WORK TO COMPLETE - Pull out every line below holding the word "regionu".
━━ EXTRACTED RECORDS ━━
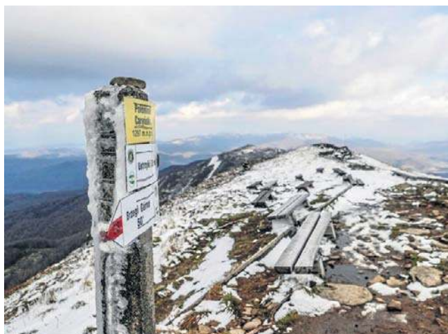
Główny Szlak Beskidzki to najdłuższy polski szlak górski, liczący niemal 500 km

Podczas posiedzenia zatwierdzono także listę stypendystów sportowych na 2026 rok. Na ten cel zarząd regionu przeznaczył ponad 2 mln zł. Wsparcie otrzyma 197 zawodników i zawodniczek, z czego większość to medaliści mistrzostw Polski lub członkowie kadry narodowej. Najliczniej reprezentowanymi dyscyplinami wśród stypendystów są: akrobatyka sportowa (37 osób), lekkoatletyka (32 osoby) oraz sumo (14 osób). (HUK/PAP)
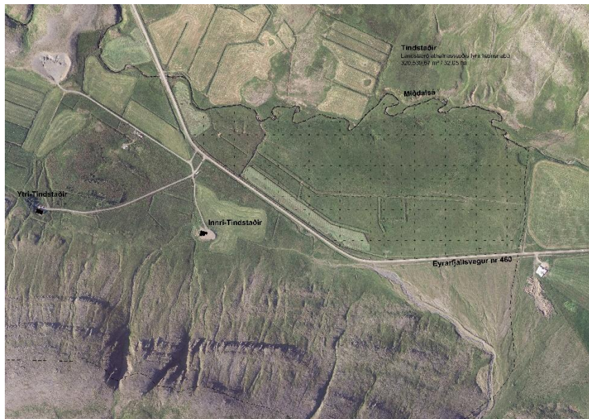
Mynd 1. Yfirlitsmynd – Afmörkun deiliskipulagssvæðis. (Teiknistofan Storð ehf, 2023).

“Landbúnaðarsvæði. Fyrirhugað er að flokka landbúnaðarland, sbr. Landsskipulagsstefna, og verður það gert í samhengi við fyrirhugaða endurskoðun á stefnu aðalskipulagsins varðandi landnotkun utan vaxtarmarka þéttbýlis, sjá I.-hluta, Inngang.”
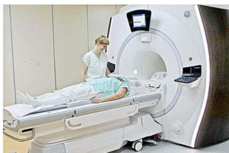
■ Nová magnetická rezonance v přerovské nemocnici začala sloužit pacientům v regionu na začátku roku.

Od prvního ledna začal v kraji leteckou záchrannou službu zajišťovat nový provozovatel – Slovenská firma ATE. Původní obavy ze starých typů vrtulníků Agusta se nenaplnily a během roční služby splnily veškeré požadavky na rychlý a bezpečný převoz pacientů a záchranářů. Od začátku svého působení do konce listopadu absolvovaly vrtulníky z olomoucké základny bezmála 450 vzletů na území Olomouckého, Zlínského a Pardubického kraje. Začátkem dubna také převzala Zdravotnická záchranná služba Olomouckého kraje osm nových sanitních vozů. Kraj na jejich pořízení uvolnil 24,5 milionu korun.
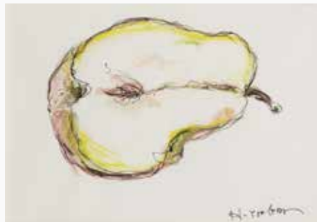
食べごろ (洋梨) 110×160 mm
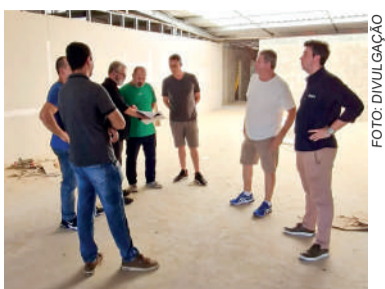
NOVA sede está sendo edificada em terreno doado pelo município

Atualmente, a APAE atende cerca de 160 alunos, um número que não para de crescer. "No começo, éramos 42 alunos, mas
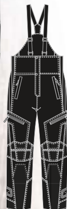
99-52PN000 NOIR s à 3xl
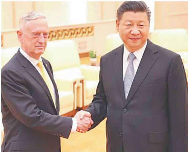
अमेरिकी रक्षामन्त्री जेम्स म्याटिस र चिनियाँ राष्ट्रपति सी चिनफिङ वेइजिङमा बिहीबार भेटवार्ता गर्दै।

भेटका क्रममा सीले ‘चीनको शान्ति कायम राख्ने अभिप्राय रहेको तर चिनियाँ जमिनको रक्षा गर्नका लागि कुनै कसर बाँकी नराख्ने’ बताए। ‘चीनले आफ्ना पुर्खाले दिएको एक इन्च भूभाग गुमाउन चाहन्न’, चिनियाँ सञ्चारमाध्यममा प्रकाशित सीको भनाइलाई बीबीसीले उल्लेख गरेको छ, ‘हामीलाई अन्य
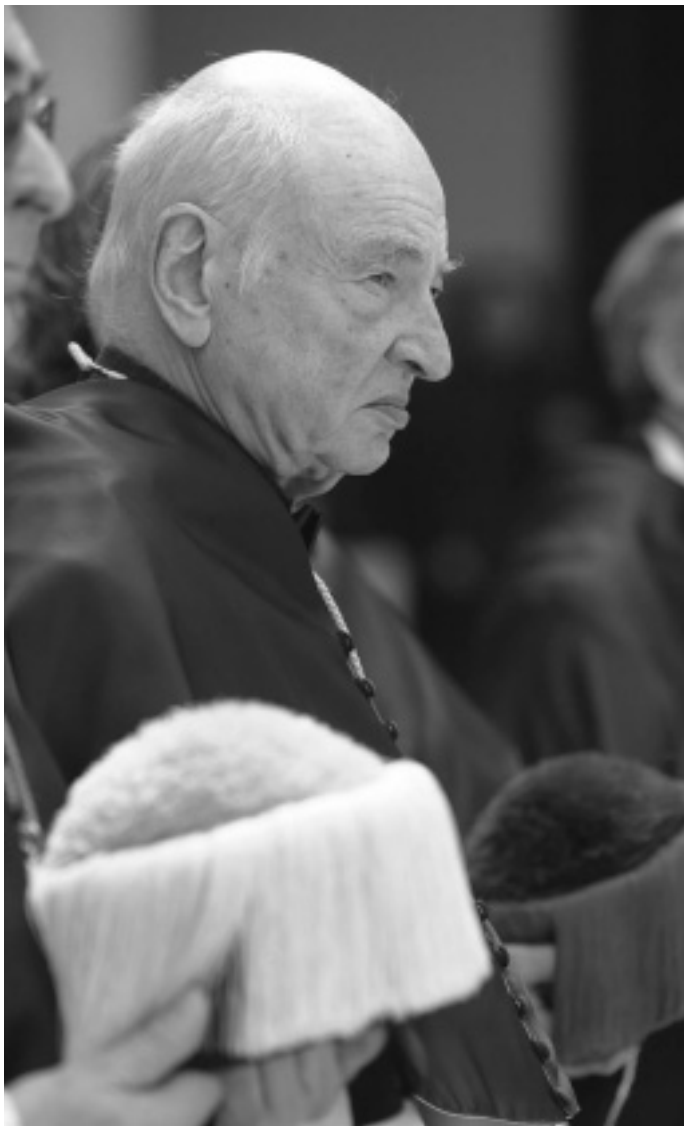
Edgar Morin, durant l'acte d'investidura com a doctor 'honoris causa'.
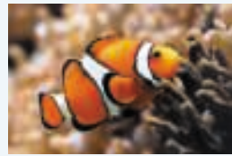
3 ___ poisson
━━━
OUTPUT OF THE TASK -
Podczas posiedzenia zatwierdzono także listę stypendystów sportowych na 2026 rok. Na ten cel zarząd regionu przeznaczył ponad 2 mln zł. Wsparcie otrzyma 197 zawodników i zawodniczek, z czego większość to medaliści mistrzostw Polski lub członkowie kadry narodowej. Najliczniej reprezentowanymi dyscyplinami wśród stypendystów są: akrobatyka sportowa (37 osób), lekkoatletyka (32 osoby) oraz sumo (14 osób). (HUK/PAP)
■ Nová magnetická rezonance v přerovské nemocnici začala sloužit pacientům v regionu na začátku roku.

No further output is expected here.